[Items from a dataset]
*-*-*

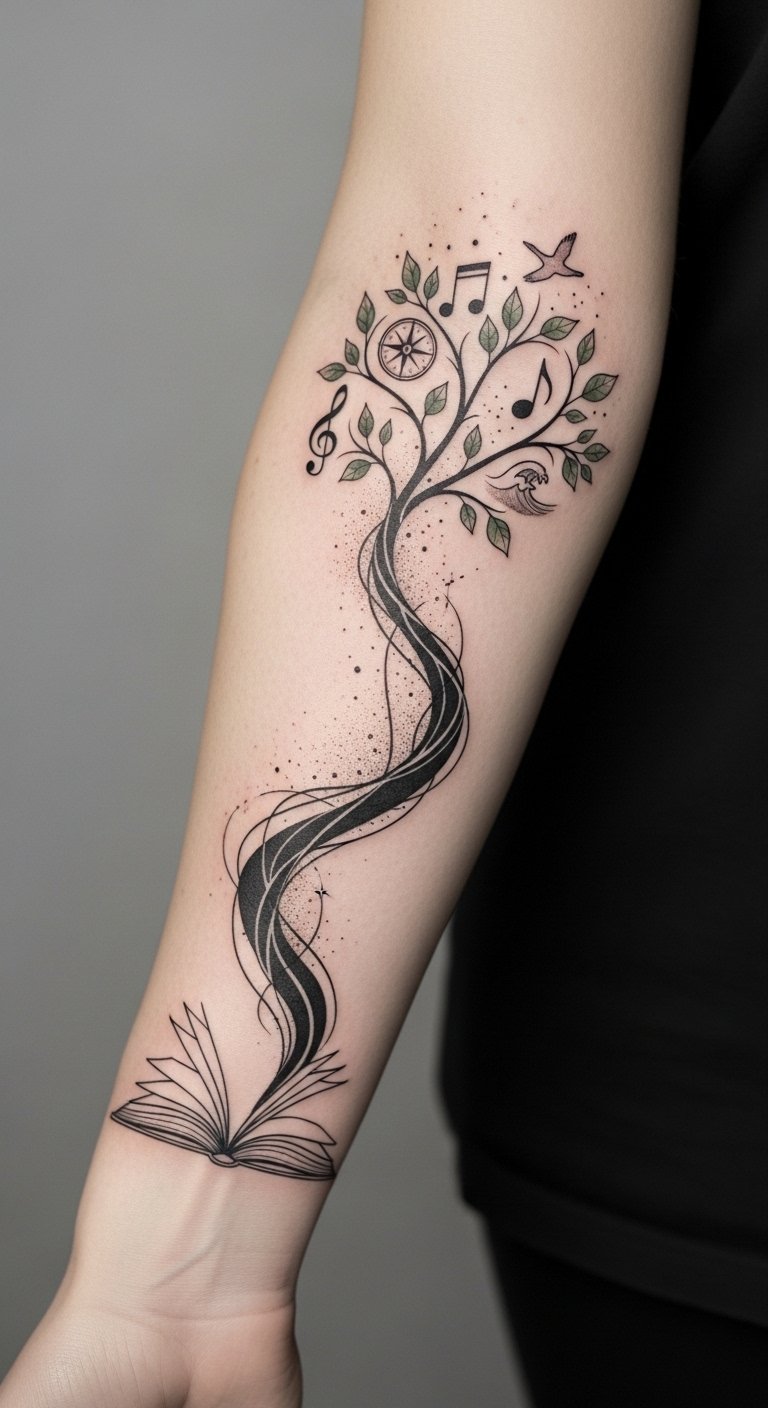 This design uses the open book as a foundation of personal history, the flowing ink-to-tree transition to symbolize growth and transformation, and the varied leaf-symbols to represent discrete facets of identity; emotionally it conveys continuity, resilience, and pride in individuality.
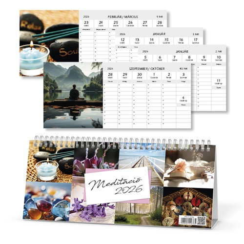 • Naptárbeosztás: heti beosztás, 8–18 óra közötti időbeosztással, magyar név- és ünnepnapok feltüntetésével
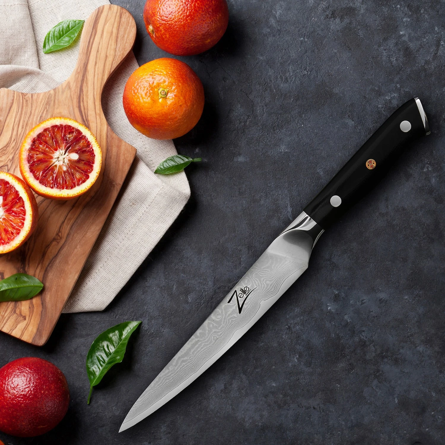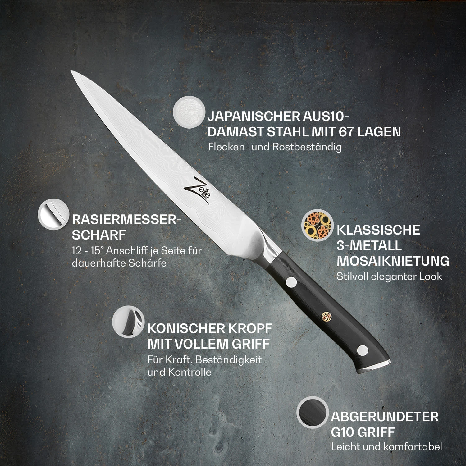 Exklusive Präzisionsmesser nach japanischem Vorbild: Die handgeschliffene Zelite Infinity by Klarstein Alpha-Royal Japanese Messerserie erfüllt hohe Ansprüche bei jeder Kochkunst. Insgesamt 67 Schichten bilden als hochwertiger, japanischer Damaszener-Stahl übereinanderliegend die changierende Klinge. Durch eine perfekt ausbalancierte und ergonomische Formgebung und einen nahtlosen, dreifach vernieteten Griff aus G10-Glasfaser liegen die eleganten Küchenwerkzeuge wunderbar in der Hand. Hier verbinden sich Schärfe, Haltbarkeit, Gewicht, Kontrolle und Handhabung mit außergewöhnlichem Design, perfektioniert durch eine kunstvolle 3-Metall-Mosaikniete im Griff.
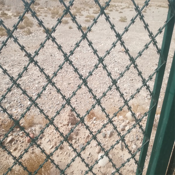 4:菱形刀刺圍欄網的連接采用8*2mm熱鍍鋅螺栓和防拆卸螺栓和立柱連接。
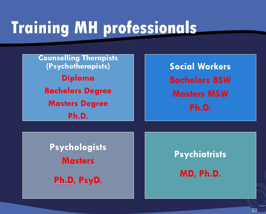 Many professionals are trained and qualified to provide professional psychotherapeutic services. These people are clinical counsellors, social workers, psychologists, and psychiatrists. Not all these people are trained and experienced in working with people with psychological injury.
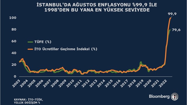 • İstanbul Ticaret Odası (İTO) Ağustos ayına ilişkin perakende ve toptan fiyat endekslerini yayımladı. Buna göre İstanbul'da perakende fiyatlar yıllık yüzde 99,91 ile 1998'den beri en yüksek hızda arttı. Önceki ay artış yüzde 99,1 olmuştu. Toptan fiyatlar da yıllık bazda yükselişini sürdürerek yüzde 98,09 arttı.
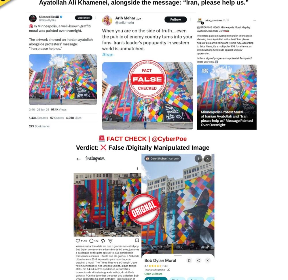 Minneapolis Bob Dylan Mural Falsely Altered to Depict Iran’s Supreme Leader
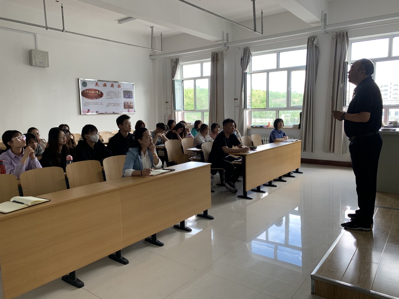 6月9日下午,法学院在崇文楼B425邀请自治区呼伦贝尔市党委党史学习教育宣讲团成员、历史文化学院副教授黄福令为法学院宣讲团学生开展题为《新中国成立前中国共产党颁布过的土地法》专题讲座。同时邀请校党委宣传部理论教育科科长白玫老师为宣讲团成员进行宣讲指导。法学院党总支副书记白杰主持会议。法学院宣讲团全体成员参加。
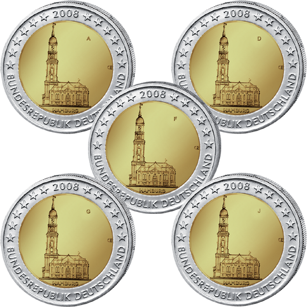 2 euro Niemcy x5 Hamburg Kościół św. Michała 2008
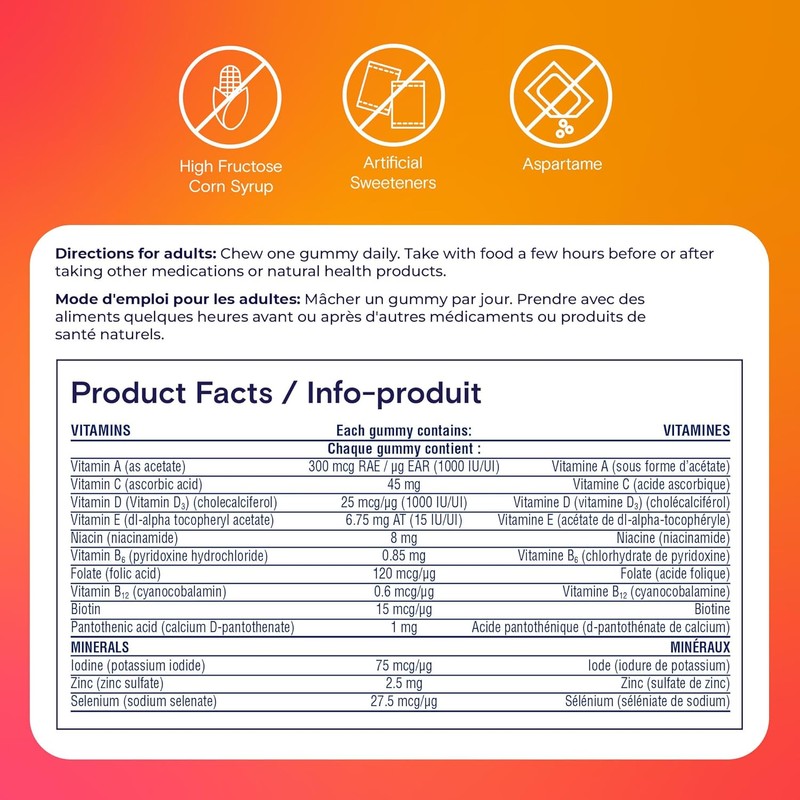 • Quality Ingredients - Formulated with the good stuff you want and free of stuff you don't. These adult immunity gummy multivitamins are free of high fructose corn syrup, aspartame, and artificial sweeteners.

*-*-*

- _Problem requirements_:
Retype, exactly as written, each line from the one containing "2 euro Niemcy" through the end of the data above, and leave out every picture.

- _Answer space_:
 2 euro Niemcy x5 Hamburg Kościół św. Michała 2008
 • Quality Ingredients - Formulated with the good stuff you want and free of stuff you don't. These adult immunity gummy multivitamins are free of high fructose corn syrup, aspartame, and artificial sweeteners.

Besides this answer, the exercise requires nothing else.